The headline you just clicked on is misleading. And intentionally so.
In this space and at seminars, I’ve noted the profession’s willingness to blame technology for attorney misconduct. Specifically, our willingness to attribute bad behavior to technology when, in fact, technology did nothing but reveal conduct that was unethical long before it made it to the interwebs. To wit:
The posts involved lawyers who, respectively,
- failed to communicate with a client;
- lied to a court; and,
- stole money from a youth soccer league,
In none of the three did tech cause or really have much to do with the misconduct.
Anyhow, on Sunday, Professor Bernabe blogged about a disciplinary case in which a lawyer’s use of technology and the internet eventually resulted in a sanction being imposed against the lawyer’s license. The post is here.
To be clear, Professor Bernabe DID NOT use a misleading headline that attributed a lawyer’s dishonesty to technology. But it wouldn’t surprise me to learn that, somewhere, someone did. In reality, technology was not the problem.
In 2017, a Kansas lawyer reported to the CLE office that he had completed 760 minutes of CLE in a single day. Specifically, 400 minutes of “live” credit, and 360 minutes of watching online, on-demand CLE courses.

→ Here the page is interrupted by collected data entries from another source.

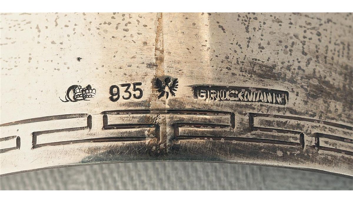 All four items in this lot are of a style that is attributed to a complete set of silver tableware presented to Adolph Hitler on his 50th birthday by the silversmiths of Bruckmann. Reportedly, this set was kept in the Eagle's Nest, and was broken up and brought back to the States as souvenirs by the soldiers who occupied the building. 1) Two silver napkin rings, 1 3/4 inches wide and 1 3/4 inches tall, with an engraved Greek key border at top and bottom, a raised stamped Nazi eagle flanked by "A H" on the front, and the makers marks of a crescent moon and crown followed by "935", "eagle" and "BRUCKMANN" on the rear. 2) Two napkins, both white linen, 19 inches square, with a series of concentric square designs as decoration. In one corner of each is an embroidered Nazi eagle flanked by the "AH" initials. No makers marks are present.
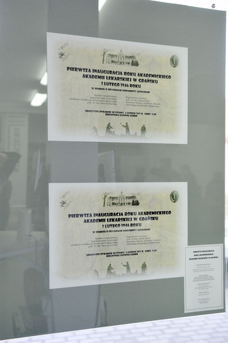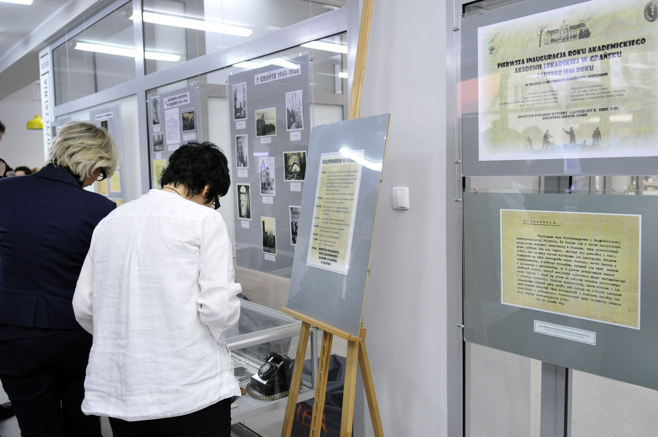 Na wystawie można obejrzeć m.in. szereg oryginalnych, unikatowych dokumentów uczelnianych obrazujących, z jaką dokładnością prowadzono prace przygotowawcze do inauguracji, która odbyła się 2 lutego 1946 r. Przywołana została sylwetka pierwszego rektora ówczesnej Akademii Lekarskiej w Gdańsku prof. Edwarda Grzegorzewskiego oraz tekst wygłoszonego przez niego przemówienia. Można zapoznać się z wybranymi listami gratulacyjnymi, które bardzo licznie wpłynęły na ręce ówczesnych władz Uczelni, a wszystko to wśród dokumentów obrazujących warunki, w jakich tuż po wojnie rozpoczynała swoją działalność Akademia Lekarska. Uzupełnieniem ekspozycji jest film, na kadrach którego zostały uwiecznione chwile i ludzie, którzy u samego zarania tworzyli historię Uczelni.
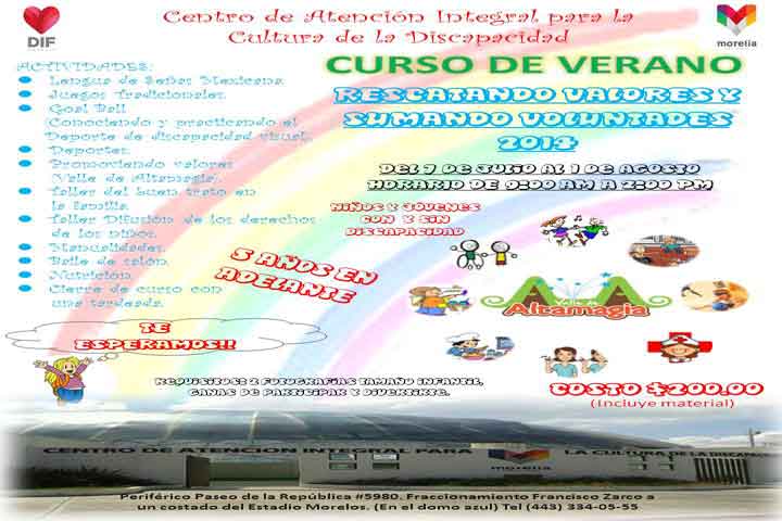 NOTICIAS 30/06/2014DIF Morelia invita a su curso de veranoEl Ayuntamiento de Morelia, a través del Comité para el Desarrollo Integral de la Familia (DIF Municipal), invita a los niños de 5 años en adelante y jóvenes a participar en el Curso de Verano "Rescatando Valores y Sumando Voluntades 2014" del Centro de Atención Integral para la Cultura de la Discapacidad, que se realizará del 07 de julio al 01 de agosto.
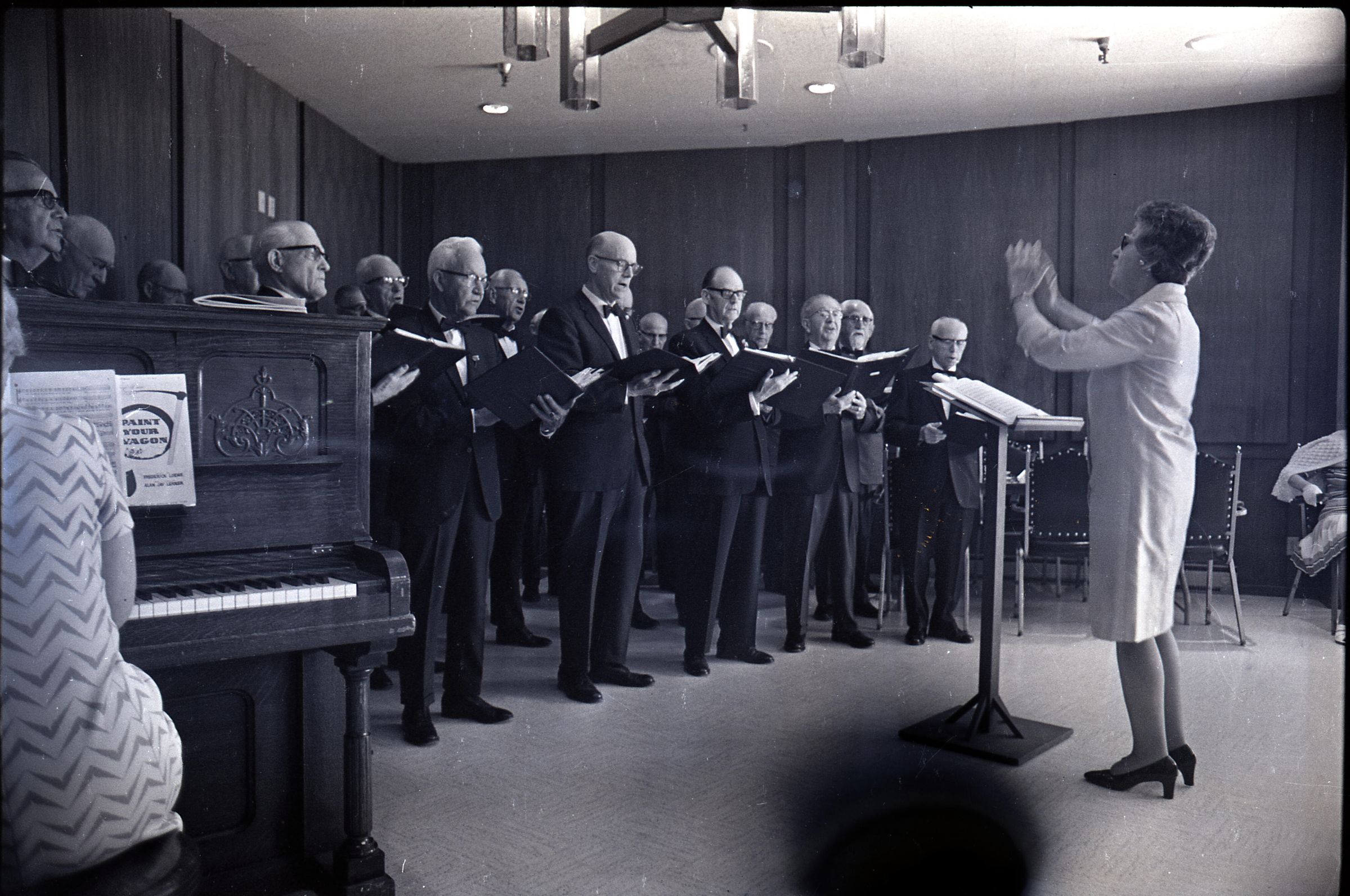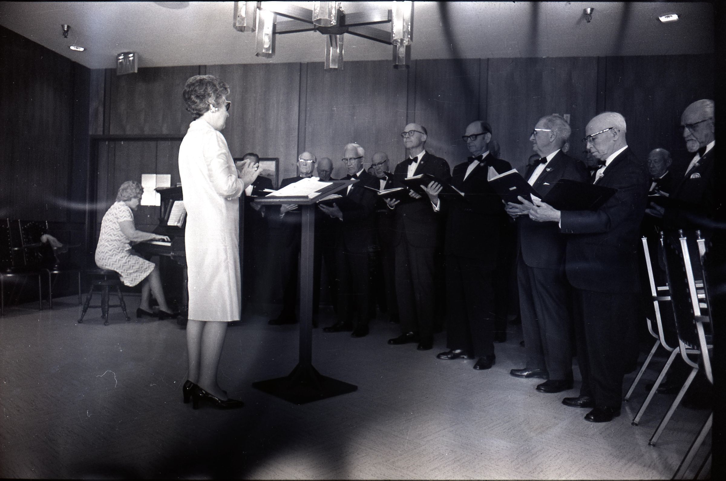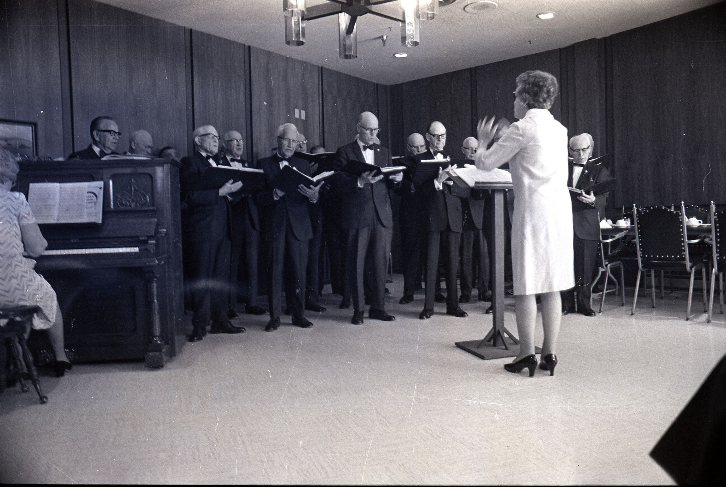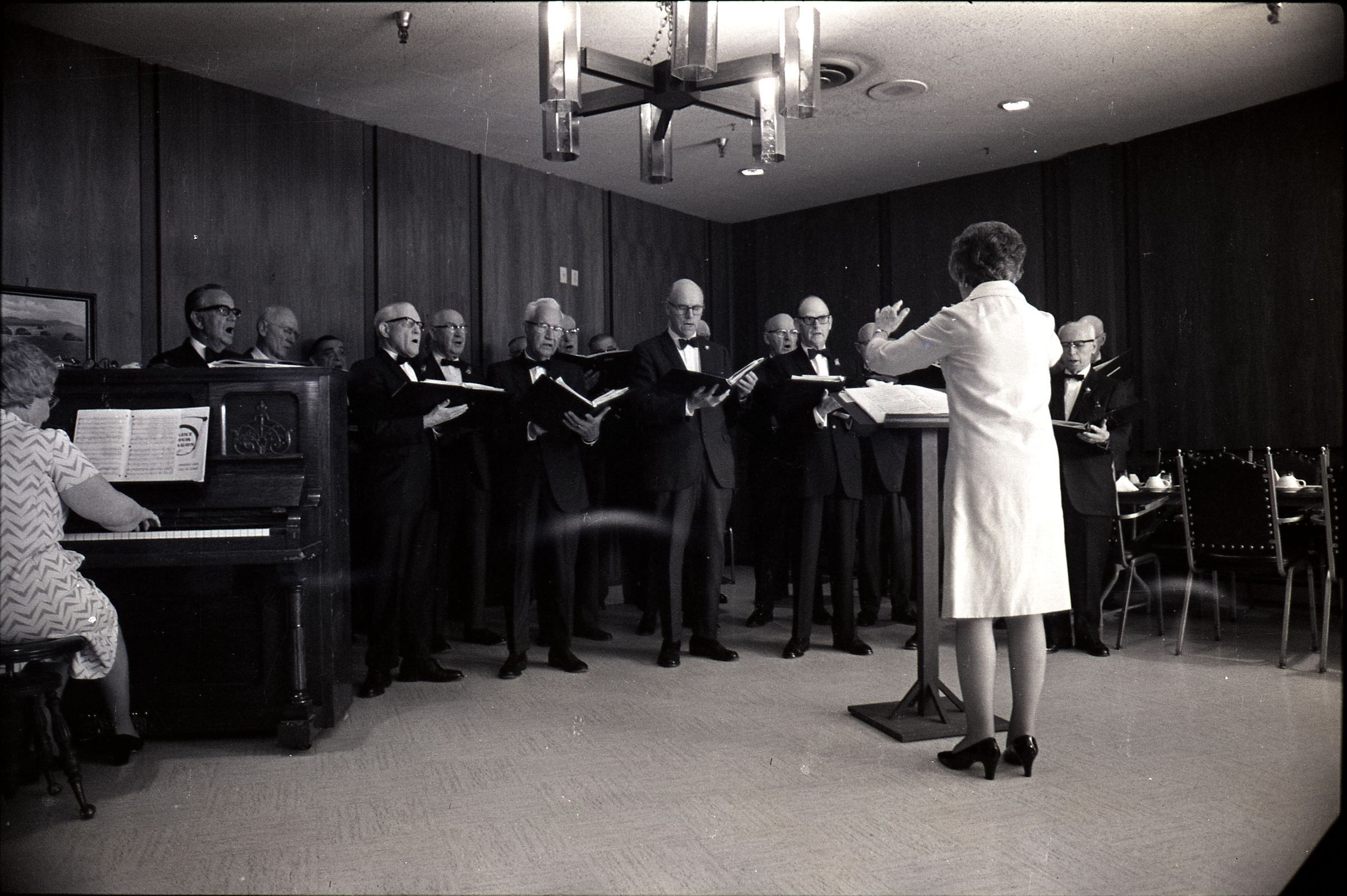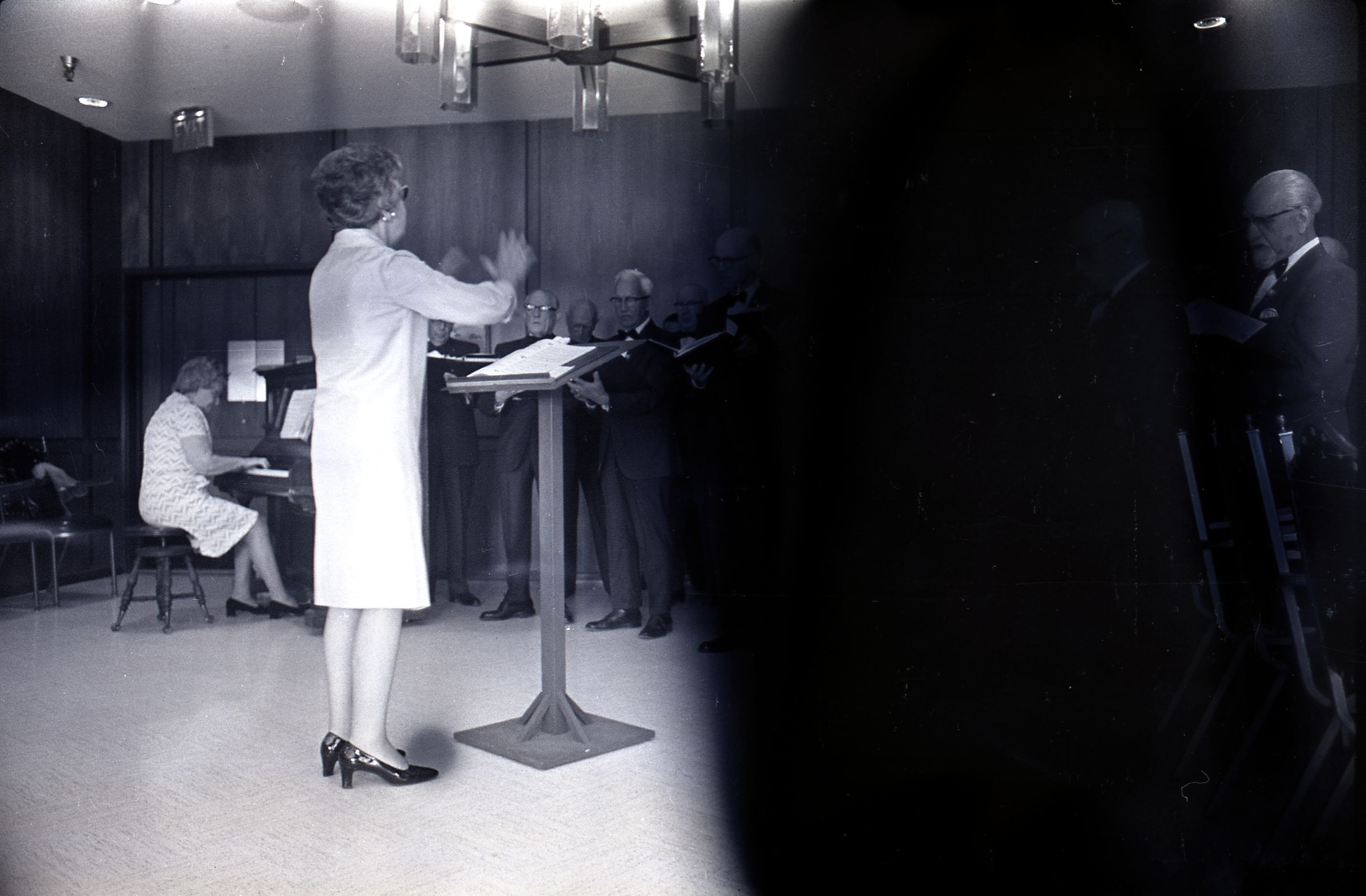 Choir, 06-1973. These three black and white negative film strips were created for the Lacey Leader newspaper. They depict a men's choir and their female conductor.

Upon noticing that the lawyer had claimed more than 12 hours of CLE in one day, the Executive Director of the CLE Commission called the lawyer. The ED asked the lawyer if he had watched the online presentations while sitting in the “live” seminar. The lawyer answered “no.” Rather, he told the ED that, while sitting in the “live” seminar, he logged into the online site to print out certificates of attendance. The ED asked the lawyer to contact the online provider and obtain & produce records that would show the times at which he had logged in & out.
Time to make a long story less long.
In fact, the lawyer watched 360 minutes of online CLE while attending 400 minutes of “live” CLE. Thus, the Kansas Supreme Court concluded that the lawyer violated the rule that prohibits dishonest, deceit, and misrepresentation by answering “no” when asked if he’d watched the videos while sitting in class. In September, the Kansas Court publicly censured the lawyer.**
Technology certainly provides more opportunity to get caught. For example, if, 15 years ago, a had a lawyer reported attending 8 hours of CLE and then returning home to watch 6 more on VHS, nobody would’ve been able to prove that the lawyer didn’t actually watch the VCR that night. Yet, a false certification as to having done so would have been no less dishonest than the false denial that today’s lawyer made to the ED of the CLE Commission.
Today’s story isn’t about tech or the internet. It’s about dishonest conduct. In short, if you show up for a date with someone who listed their hair color as “brown” and their head looks like mine, it’s not the dating site’s fault.
Age group champ baby!
ps: what a difference 30 days makes: running in shorts, short sleeves, and warm sunshine.
** the Court also dinged the lawyer for not knowing that the Kansas CLE rules don’t allow double-dipping. Watching one CLE while attending another appears to violate the Kansas requirement to view online CLE in a setting suitable for learning.